◆ WORK TO COMPLETE
Print every line of the listing below, starting with the line that holds "머리카락의 주성분은 케라틴(Keratin)이라는" and going on through the line that holds "近日,WTT世界乒联公布2024国际乒联年终单打世界第一和双打世界第一。", both included, and print nothing else.

◆ DATA FOR THIS EXERCISE
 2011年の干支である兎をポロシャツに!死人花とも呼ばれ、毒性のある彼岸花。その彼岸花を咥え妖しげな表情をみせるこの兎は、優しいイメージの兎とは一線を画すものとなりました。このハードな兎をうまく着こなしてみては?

---

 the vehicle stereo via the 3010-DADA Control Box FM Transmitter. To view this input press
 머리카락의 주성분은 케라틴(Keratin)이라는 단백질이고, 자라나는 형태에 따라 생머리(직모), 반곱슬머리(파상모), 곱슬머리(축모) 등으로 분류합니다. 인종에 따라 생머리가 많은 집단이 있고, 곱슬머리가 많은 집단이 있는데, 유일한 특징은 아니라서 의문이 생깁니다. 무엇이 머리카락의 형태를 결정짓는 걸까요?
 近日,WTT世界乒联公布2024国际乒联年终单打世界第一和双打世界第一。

...

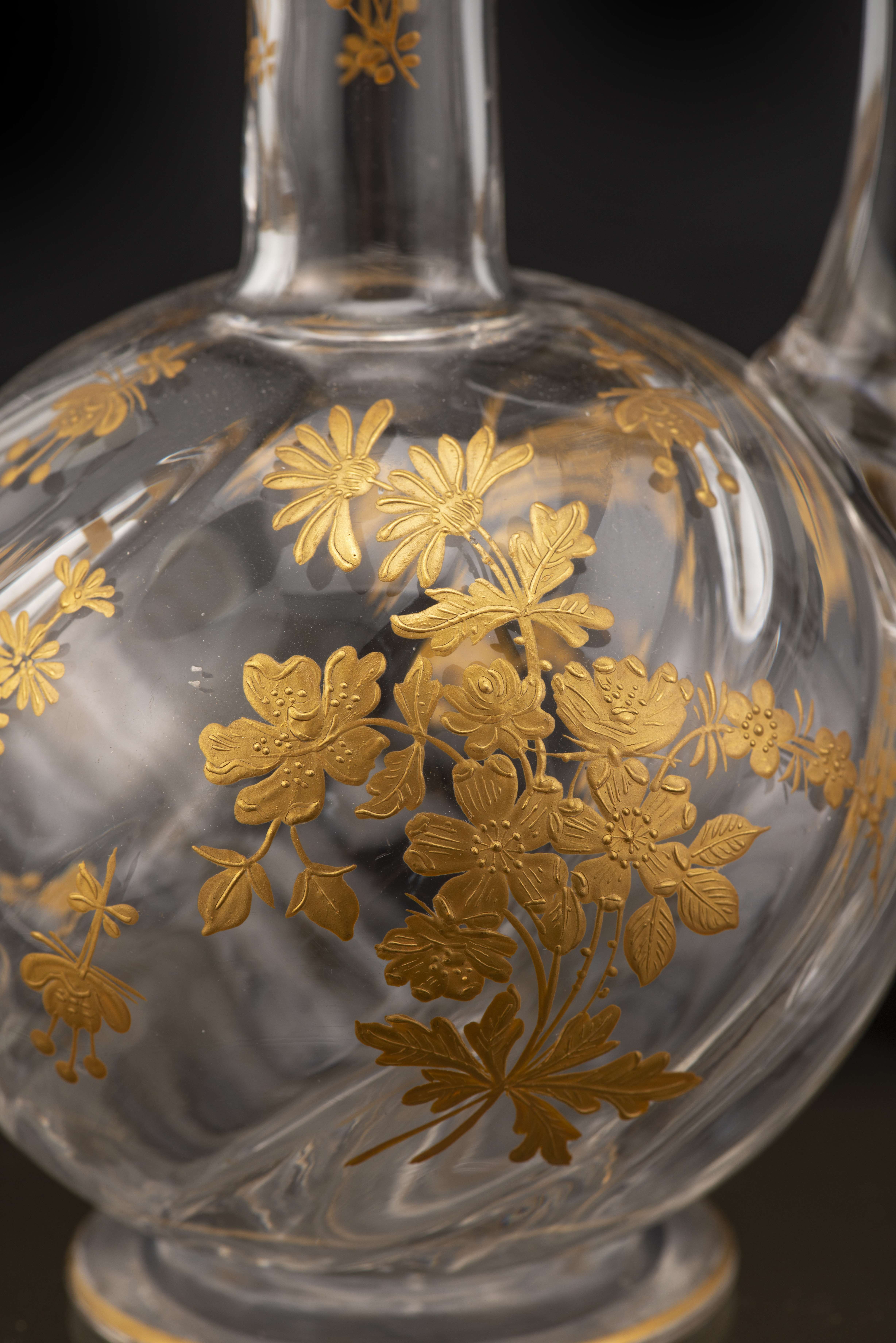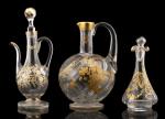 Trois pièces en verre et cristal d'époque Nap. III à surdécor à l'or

◆ EXPECTED ANSWER
 머리카락의 주성분은 케라틴(Keratin)이라는 단백질이고, 자라나는 형태에 따라 생머리(직모), 반곱슬머리(파상모), 곱슬머리(축모) 등으로 분류합니다. 인종에 따라 생머리가 많은 집단이 있고, 곱슬머리가 많은 집단이 있는데, 유일한 특징은 아니라서 의문이 생깁니다. 무엇이 머리카락의 형태를 결정짓는 걸까요?
 近日,WTT世界乒联公布2024国际乒联年终单打世界第一和双打世界第一。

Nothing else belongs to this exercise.